Jet 2 are offering 10% off return flights in April, May and June which also includes baggage meals etc if anyone interested x


----------



## baldilocks (Mar 7, 2010)

ANNIE100 said:


> Jet 2 are offering 10% off return flights in April, May and June which also includes baggage meals etc if anyone interested x


They don't fly from or to anywhere that would interest us. We'll stick with BA from LCY to GRX direct.


----------



## ANNIE100 (Oct 3, 2013)

baldilocks said:


> They don't fly from or to anywhere that would interest us. We'll stick with BA from LCY to GRX direct.

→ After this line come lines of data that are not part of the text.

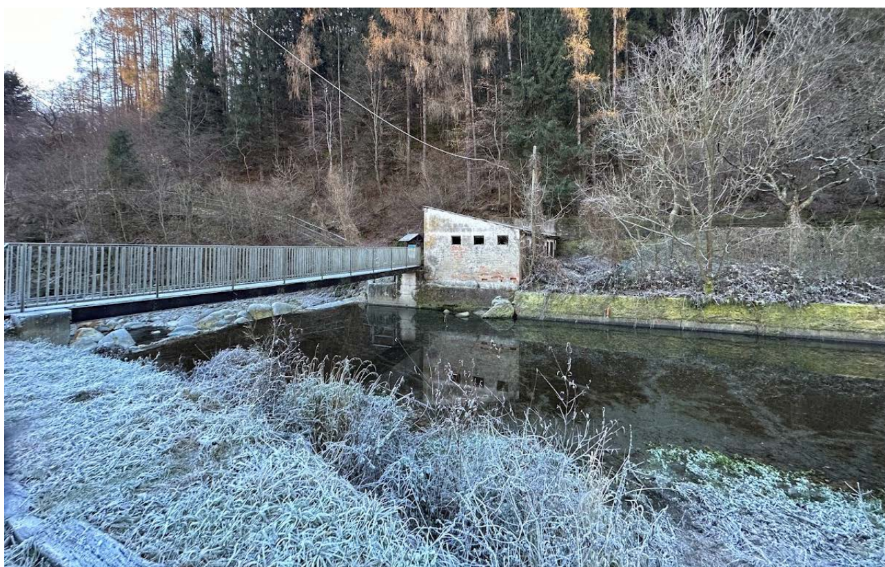
Figura 9 Vista della passerella pedonale in acciaio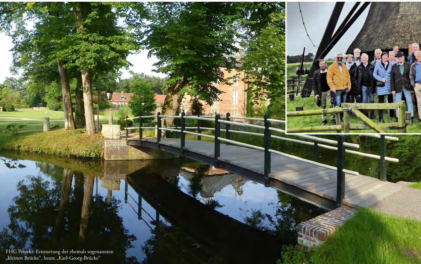
FHG Projekt: Erneuerung der ehemals sogenannten „kleinen Brücke“, heute „Karl-Georg-Brücke“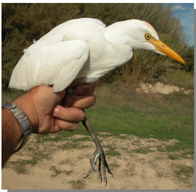
Garcilla bueyera: plumaje no nupcial.

Entre las garzas blancas, podría existir confusión con la garcilla bueyera , que tiene el capirote ocre, el pico amarillo y patas del mismo color que los dedos. La garceta grande es de tamaño mucho mayor (85-102 cm).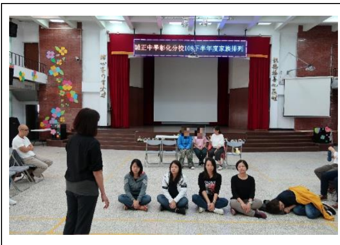
家族系統排列-面對困境及家庭支持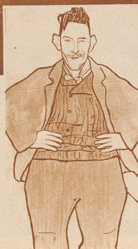
Karikatur für den «Grünen Heinrich» von Frieda Liermann (Mai 1907)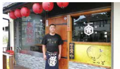
皆さまのご来店、心よりお待ちしております！

私の自宅からも近く、趣味のサイクリングで疲れた体を癒すには最高の場所です！新鮮で美味しい刺身とお酒が最高なので、皆さまもぜひ味わっていただきたいです！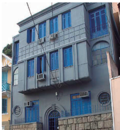
Rua São Sebastião, 160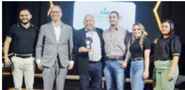
Clínica Odontológica: Centro Clínico Pró Sorrir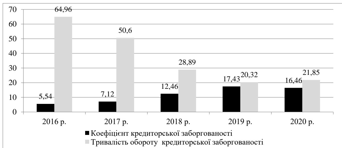
Рис. 3. Аналіз ділової активності ТОВ «Марва» ЛТД за 2016–2020 рр., тис. грн

За 5 років тривалість обороту кредиторської заборгованості знизилась з 65 днів до 21,8 дня, відповідно коефіцієнт оборотності збільшився з 5,54 до 16,46. З точки зору платоспроможності це можна оцінити позитивно, особливо коли немає простроченої кредиторської заборгованості.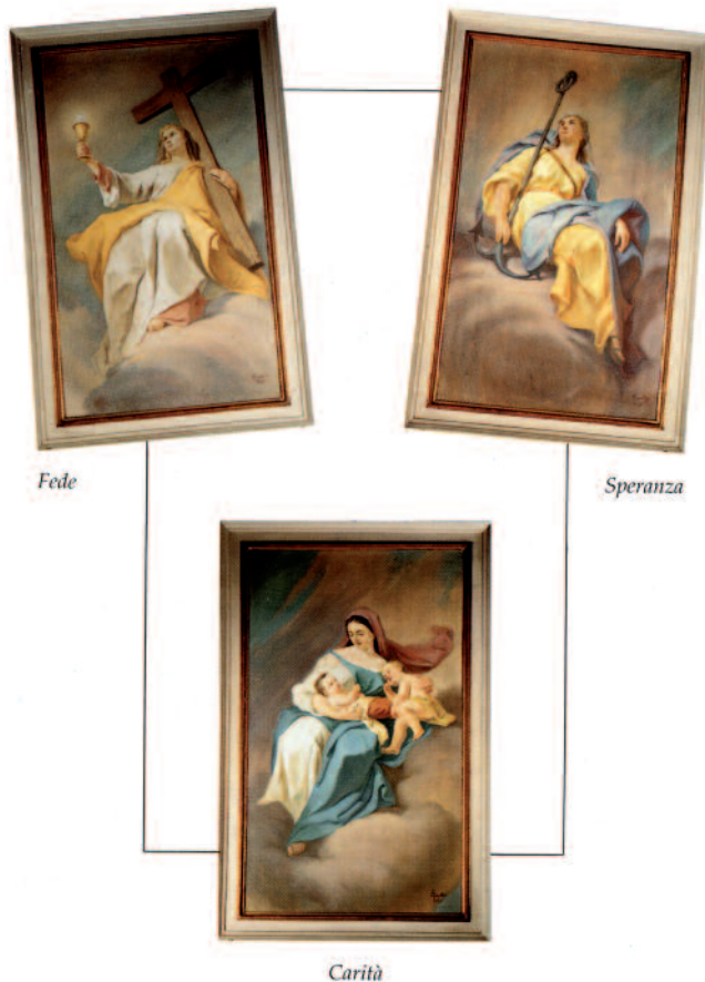
Le virtù teologali – Giordano Cappelletti (olio su tela)

Al 31 dicembre 1941 la somma raccolta era di lire 50.000, frutto di tanti sacrifici e privazioni. Agli inizi del 1942 fu chiamato lo scultore

When I posted I really wasn't thinking of members living in Spain but members relatives who may want to visit members - provided of course Jet 2 fly into the relevant airports xx


----------



## Aron (Apr 30, 2013)

ANNIE100 said:


> When I posted I really wasn't thinking of members living in Spain but members relatives who may want to visit members - provided of course Jet 2 fly into the relevant airports xx


From Gatwick to Malaga, Norwegian Air are by far the cheapest. Almost all of our friends fly with them now. I have booked several flights already for my family and I have saved as much as 50% against other airlines and at school holiday times. Only problem being, their flight out of Malaga is 7.30am which some people dislike, but for the saving it is worth it


----------



## baldilocks (Mar 7, 2010)

Aron said:


> From Gatwick to Malaga, Norwegian Air are by far the cheapest. Almost all of our friends fly with them now. I have booked several flights already for my family and I have saved as much as 50% against other airlines and at school holiday times. Only problem being, their flight out of Malaga is 7.30am which some people dislike, but for the saving it is worth it


But it's no saving if you have to drive 500km round trip to that gad-awful airport Málaga and have a 350km round trip in UK over much worse and more congested roads.


----------



## Aron (Apr 30, 2013)

baldilocks said:


> But it's no saving if you have to drive 500km round trip to that gad-awful airport Málaga and have a 350km round trip in UK over much worse and more congested roads.


I agree, and I used to love flying with Monarch from Granada. Granada airport is 30 minutes further for us to go, but it was always a less stressful airport to fly from.


----------



## Teadrinker (Mar 16, 2014)

Thanks ANNIE100, will have a look at jet2 for my next flight


----------